Мы двигаемся от одной картины к другой, рассматриваем объекты — в основном, это простые бытовые приборы, вроде чайников или утюгов, которые Ораш заляпал толстыми слоями краски. Провода их грубо отрезаны. Под некоторыми есть подписи на салфетках, вроде «Нулевая польза» или «Нулевой расход». Мы подходим к манифесту: он закреплен на занавеске.
«Иллюзорность обычной жизни: как городской ландшафт внушает нам, что есть нормальность».
Далее Ораш умными словами, не всех из которых я понимаю, размышляет о том, что есть быт и насколько легко человеку в нем потеряться.
— Это довольно глубоко, — замечает Кой и булькает трубочкой. — Ораш проводит границу между обыкновенным миром и чудесным, скрывая от большинства находящихся здесь персон, что сам относится ко второму.
Меня осеняет: я морщу лоб, стараясь показаться Кой умнее, чем я есть и шепчу:
— Да, но сам-то он этот мир... Нормализует, что ли. Он же выгоняет гостей... а я притаскиваю.
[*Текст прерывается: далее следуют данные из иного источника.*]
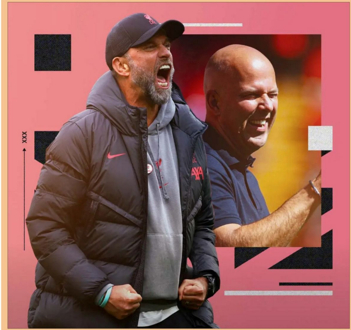
متابعة: المستور الرياضي

يعتقد أنزو مارييسكا مدرب تشيلسي، إن نأهيه لديه القدرة على "الهزيمة" على كرة القدم الإنجليزية في السنوات المقبلة ويكرر مارييسكا اليوم التأكيد وتأكيد على أن تشيلسي لا ينبغي اعتباره منافساً في سياق لقب الدوري الإنجليزي الممتاز هذا الموسم، رغم توأجه للتأهل في المركز الثاني بترتيب المسابقة بالإنستراك من إزسترا، المتساوي معه في نفس رصيد ٢٥ نقطة، بفارق ٩ نقاط خلف ليفربول (المتصدر) قبل انطلاق المرحلة الأولى للمنافسة في وقت لاحق اليوم الثلاثاء رغم ذلك، كان المدرب الإيطالي أكثر تفاؤلاً بشأن أداء تشيلسي على المدى الطويل، ويصرح مارييسكا، الذي تولى تدريب تشيلسي في يونيو لآخرين من قبله، قائلاً: "أنا سعيد جداً بما حققناه في الموسم الماضي، وأنا متأكد من أننا سنحقق المزيد من النجاحات في السنوات المقبلة". ويذكر مارييسكا أيضاً أن تشيلسي ليس في وضع جيد بما يكفي للتحقيق في موسمها المقبل، قائلاً: "أنا متأكد من أننا سنحقق المزيد من النجاحات في السنوات المقبلة". ويذكر مارييسكا أيضاً أن تشيلسي ليس في وضع جيد بما يكفي للتحقيق في موسمها المقبل، قائلاً: "أنا متأكد من أننا سنحقق المزيد من النجاحات في السنوات المقبلة".
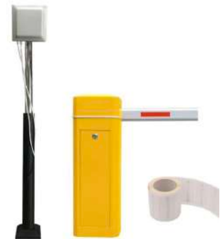
Sistema de Estacionamiento RFID
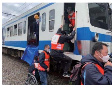
◀ 昨年度の伊豆長岡駅での要配慮者を降車させる訓練
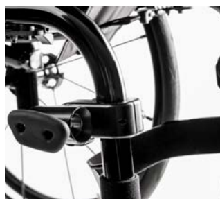
// EMF010029 Abraçadeiras para cadeiras com tubos redondos (ajustáveis a tubos de 19.5 / 23 / 25 / 28.6 e 30 mm)
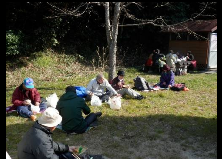
日向と日陰では温度差ありすぎ！
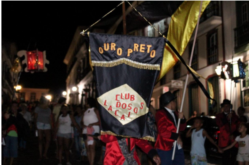
Figura 16 - Estandarte

Logo em seguida vem o estandarte (Figura 16), com as cores originais do club (preto e amarelo).
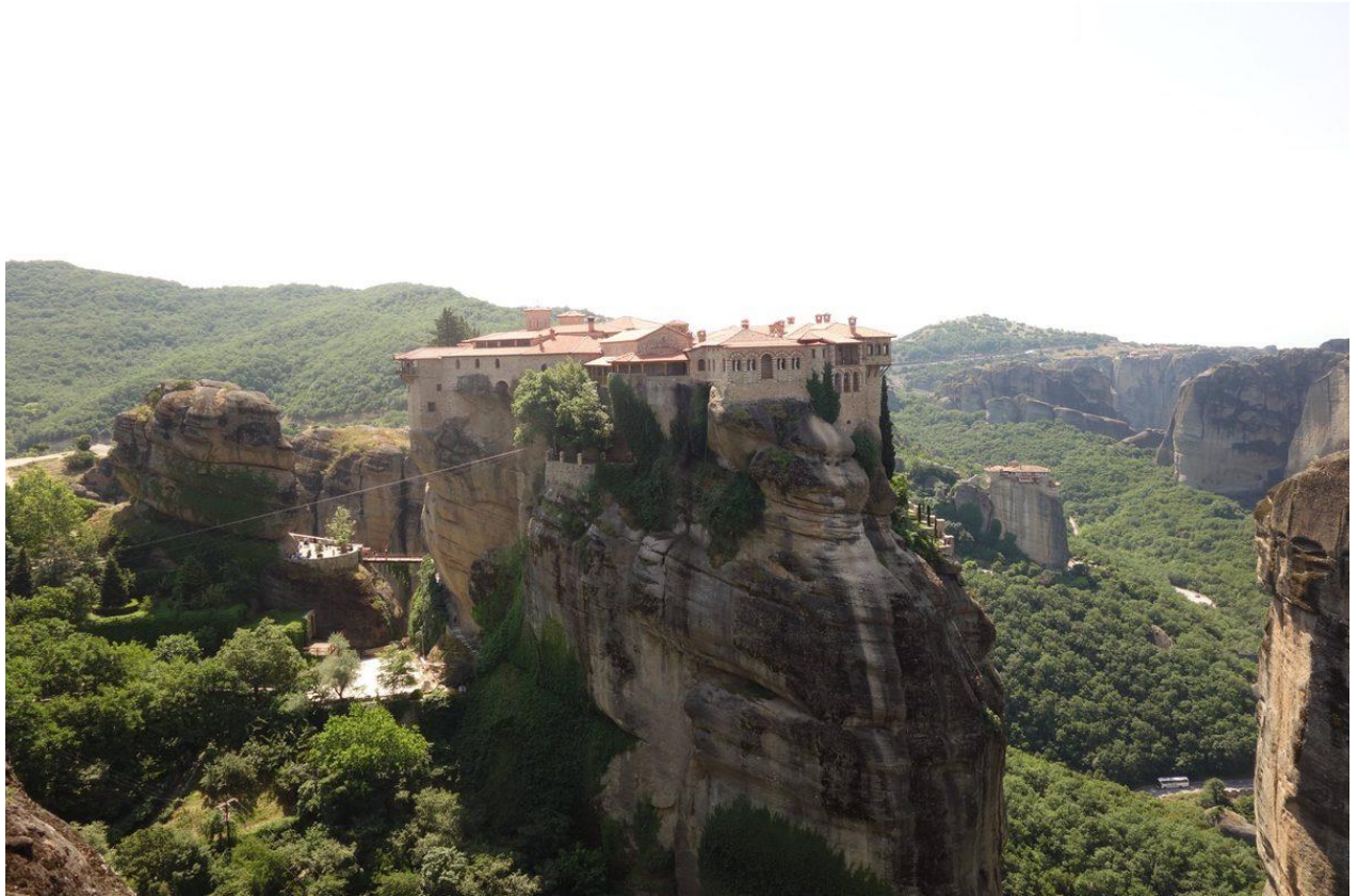
Die Felsformationen von Meteora - 60 Millionen Jahre Geologie, neun Jahrhunderte Klosterleben

Die ersten Einsiedlermönche kamen im 9. Jahrhundert, zogen sich an Seilen und Leitern hoch, um über der Welt Einsamkeit zu suchen. Bis zum 14. Jahrhundert krönten 24 Klöster die Gipfel. Heute sind noch sechs aktiv, ihre Fresken, Bibliotheken und Klosterküchen weitgehend unverändert seit der byzantinischen Zeit.
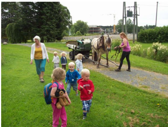
Fra tur med hest til Berge gård

Felles Sangling 1g/mnd. m.m. (sangling er sangsamling)
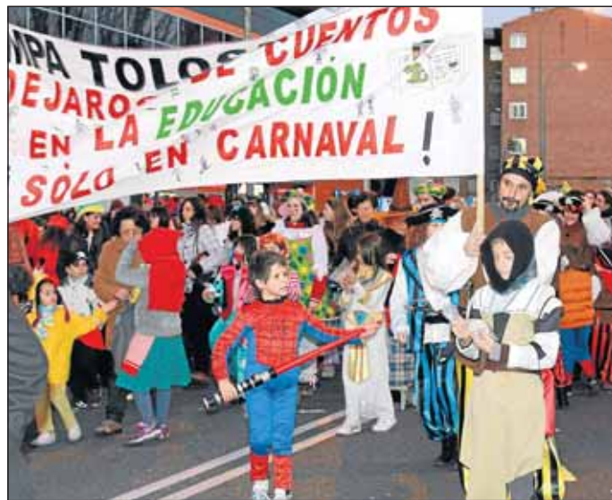
Imagen del carnaval del año pasado.

Una vez terminado el desfile en la Plaza Vieja, se servirá un chocolate caliente con bizcocho a precio popular, amenizado musicalmente por las charangas y batukadas participantes.
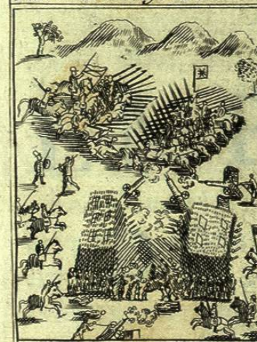
Batalla de Quilacura en Chile
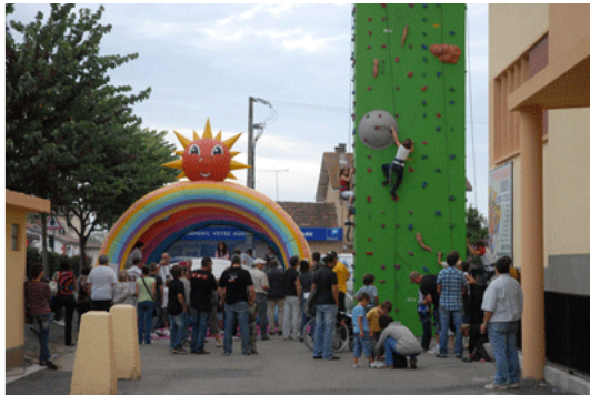
Tout pour l'animation
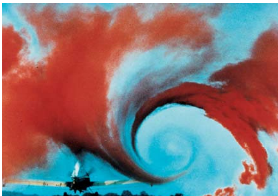
Wirbelschleppe eines startenden Flugzeuges

Im Rahmen des EU Projekts AWIATOR wurde der Nachweis erbracht, dass es möglich ist die Wirbelschleppen hinter einem Flugzeug aus der Luft von einem anderen Flugzeug aus mit Hilfe eines Lidars zu erfassen und zu charakterisieren. Bei dem Versuch wurden die Wirbelschleppen von dem DLR-Testflugzeug ATTAS in 2000 m Höhe erzeugt und mit dem ca. 900 m darüber fliegenden DLR-Forschungsflugzeug Falcon vermessen. Mittels eines an der linken Flügelspitze des ATTAS angebrachten Rauchgenerators wurde das Rückstreusignal verstärkt, da es sich beim ATTAS um ein relativ kleines Flugzeug mit entsprechend schwacher Wirbelschleppe handelt. Bislang war nur die Detektion bodennaher Wirbelschleppen möglich. Die luftgetragene Messmethode ermöglicht nun auch die Vermessung von Wirbelschleppen, die sich oberhalb der atmosphärischen Grenzschicht befinden.

Я чуть не проговариваюсь о том, что я смогла вытащить Иглу. Если это, конечно, мне не привиделось.
Кой смотрит на меня огромными глазами и кивает.
— Именно. Все же меня восхищает, как глубоко может раскрыться человек через творческий процесс.
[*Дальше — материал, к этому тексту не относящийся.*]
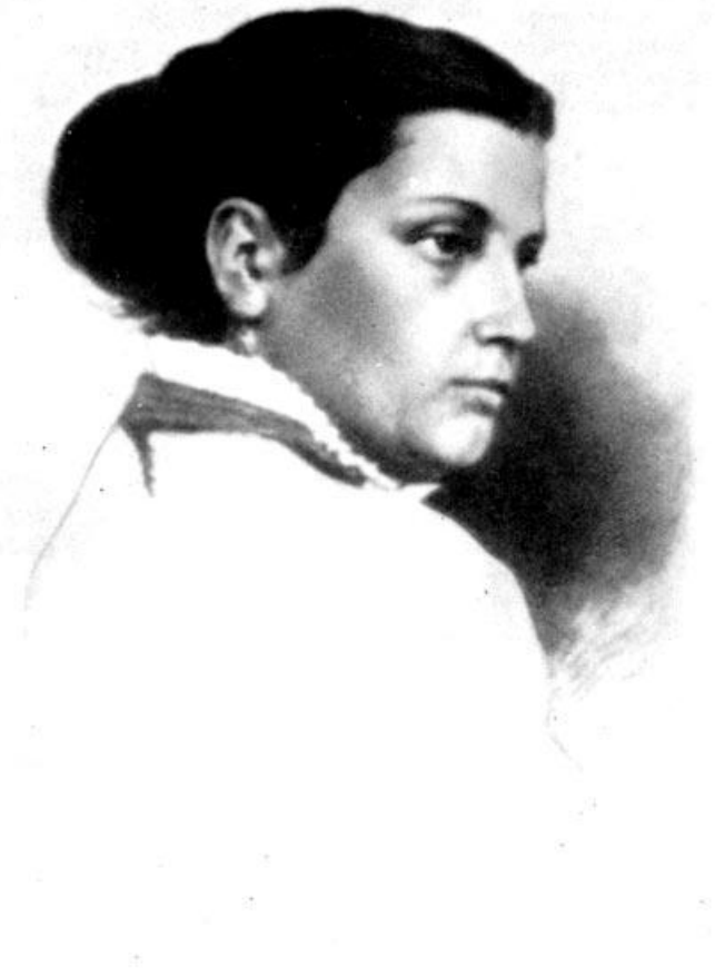
Панаева Авдотья Яковлевна
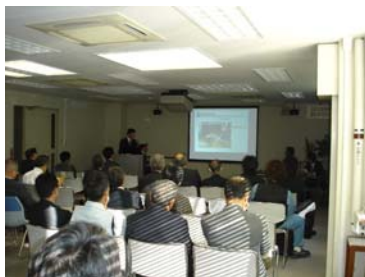
出展技術プレゼンテーション
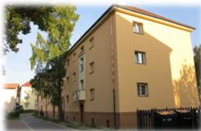
SVOBODY, PARDUBICE REALIZACE 2014 ZATEPLENÍ FASÁDY, PŮDY OPRAVA BALKÓNŮ FINANCOVÁNÍ - ČS, a.s.
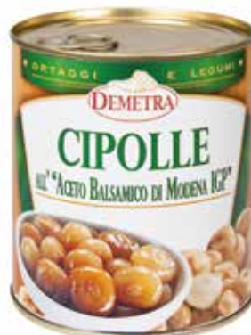
CIPOLLE ALL'ACETO BALSAMICO DI MODENA IGP DEMETRA Netto gr.850
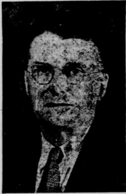
Candidat à la mairie

"sauf le commissaire en chef, l'un des commissaires est nommé sur consultation d'organisations représentatives des travailleurs, et l'autre sur consultation d'organisations représentatives des employeurs", le commissaire en chef étant nommé par le gouverneur en conseil pour représenter le gouvernement canadien. Cet article de la loi place donc à la direction de la Commission, le capital et le travail. C'est la première reconnaissance du principe de la représentation égale.
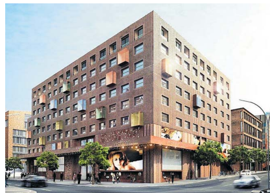
Oben Hotel, unten Kinos: Am Sandtorkai
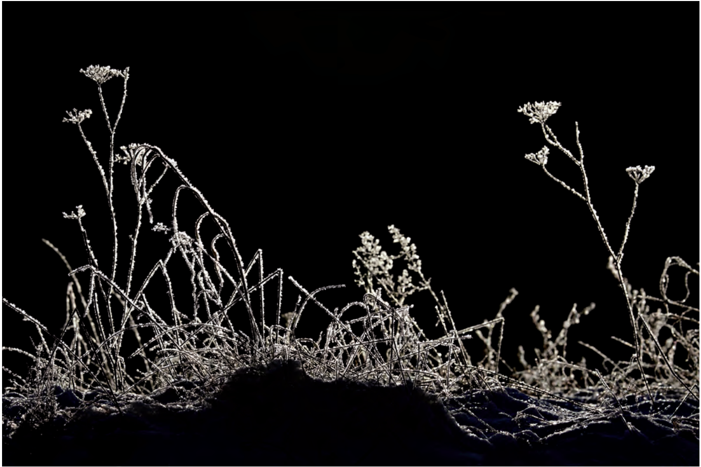
Ryszard Czaplewski: „W zimowym nastroju“
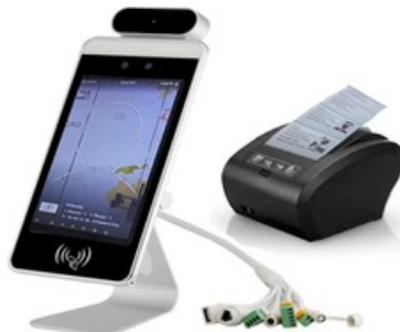
UMTS Covid-Doorman 2 - Mit Labeldrucker
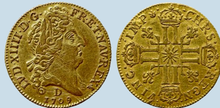
Le louis d'or au soleil (1709), sorti de l'atelier monétaire de Lyon.
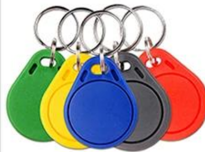
RFID Key fob
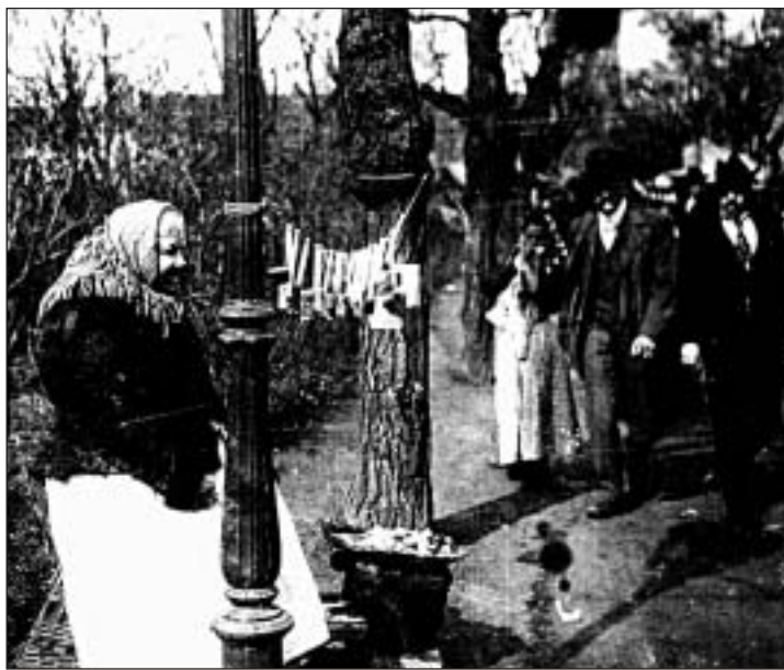
Matějská pouť nabývala vždy nejen atrakce, ale i prodej různého zboží.

Původní poutní oslavy se odehrávaly v neděli po 24. únoru v nejbližším okolí kostela, na návsi tehdejší osady Horní Šárka. Kolotoč, boudy s perníkem a nejrůznějšími tretkami, flašinetáři a spousty piva z pražských i okolních pivovarů. V místech dnešních dejvických ulic se od Písecké brány rozprostírala převážně pole a louky. Dlouhá a klikatá polní cesta ke kostelu bývala podle rozmarů

Внезапно возле нас возникает и сам творец. В его руке бокал вина, Ораш кажется довольным, на его щеках румянец:
— Ну как? Спасибо вам, что пришли, от всей души! Надеюсь, не пожалели, что потратили часть субботы на меня.
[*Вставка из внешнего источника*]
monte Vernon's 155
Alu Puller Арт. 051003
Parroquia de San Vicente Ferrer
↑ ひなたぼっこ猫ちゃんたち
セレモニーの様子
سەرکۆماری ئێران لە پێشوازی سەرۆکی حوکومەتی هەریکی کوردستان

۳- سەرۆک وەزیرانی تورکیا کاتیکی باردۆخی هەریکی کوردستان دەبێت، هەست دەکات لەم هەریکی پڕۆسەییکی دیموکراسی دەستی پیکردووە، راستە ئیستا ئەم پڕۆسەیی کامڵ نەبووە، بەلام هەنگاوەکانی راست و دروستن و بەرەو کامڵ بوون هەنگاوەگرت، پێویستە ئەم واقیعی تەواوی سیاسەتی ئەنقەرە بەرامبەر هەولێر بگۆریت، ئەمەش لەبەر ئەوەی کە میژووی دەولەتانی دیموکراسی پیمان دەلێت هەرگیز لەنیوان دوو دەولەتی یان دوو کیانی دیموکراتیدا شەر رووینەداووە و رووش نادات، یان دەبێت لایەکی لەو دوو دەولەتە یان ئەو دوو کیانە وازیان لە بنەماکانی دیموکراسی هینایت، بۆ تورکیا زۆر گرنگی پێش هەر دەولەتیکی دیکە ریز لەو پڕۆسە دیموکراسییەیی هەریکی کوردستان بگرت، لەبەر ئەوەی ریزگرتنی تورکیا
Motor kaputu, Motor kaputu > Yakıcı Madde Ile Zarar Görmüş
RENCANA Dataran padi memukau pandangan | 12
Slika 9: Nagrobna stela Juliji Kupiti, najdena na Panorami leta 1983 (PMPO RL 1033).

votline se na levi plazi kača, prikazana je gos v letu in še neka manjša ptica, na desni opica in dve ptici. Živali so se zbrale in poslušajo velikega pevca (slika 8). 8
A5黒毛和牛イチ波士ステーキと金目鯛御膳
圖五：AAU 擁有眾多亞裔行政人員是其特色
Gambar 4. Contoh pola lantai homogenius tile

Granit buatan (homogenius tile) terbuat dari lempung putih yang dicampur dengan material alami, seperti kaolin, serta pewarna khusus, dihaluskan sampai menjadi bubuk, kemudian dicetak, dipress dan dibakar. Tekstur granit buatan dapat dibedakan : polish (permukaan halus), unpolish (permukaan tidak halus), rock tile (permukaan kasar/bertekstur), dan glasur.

— Безусловно, не пожалели. Ораш Эшонович, всё это очень интересно, — Кой кивает, ее губы растягивает улыбка — очень светская, но искренняя. Она отвешивает Орашу еще пачку комплиментов, и тот убегает к барной стойке, о чем-то болтает с барменшей. Кой наклоняется ко мне и шепчет:
— Это его дочь. Она, разумеется, понятия не имеет, где работает ее отец.
— А где его жена?
— Давно развелись. Центр... Не особо способствует романтике.
Кой отстраняется, и вдруг я вижу в ее глазах какую-то огромную, невероятную, черную тоску. Окна в жилище Ораша затянуты матовой синей тканью, свет льется из ламп на потолке, искусственный и яркий. Голубые глаза Кой кажутся искрящимися, но вроде бы, она не плачет. Я не хочу лезть не в свое дело, но я все же не выдерживаю:
— С тобой все нормально?
— Теперь уже да. Просто... Мне порой кажется, что у каждого в Центре была своя темная, страшная, личная история. И чтобы просто работать и жить, мы откладываем эти истории на самую дальнюю полку.
— Но при этом в Центре есть отдел «Влюбленные». Он же «Выбор».
— Да, — Кой отворачивается и говорит очень тихо, но я все же ее слышу, — и поэтому в Центре лучше никого не любить.
Я понимаю, что она не хочет рассказывать дальше. Не потому, что не доверяет — а может, и поэтому, но скорее всего просто потому, что не хочет касаться той самой дальней полки.
Кой довольно быстро приходит в себя и веселеет. Мы бродим по залу, цедим напитки из стаканчиков, сидим на диване — Кой начинает рассказывать мне какую-то загадочную и путаную историю про Давида и его приключения: но поясняет, что история всего лишь слух. Если верить этому слуху, то Давид стал одним из немногих работников Центра, кто физически перемещался через разрез и каким-то образом попадал на иной план. Кой, якобы, про это рассказал кто-то из Башни, и я удивляюсь, что таким экстримом занимался не Багор.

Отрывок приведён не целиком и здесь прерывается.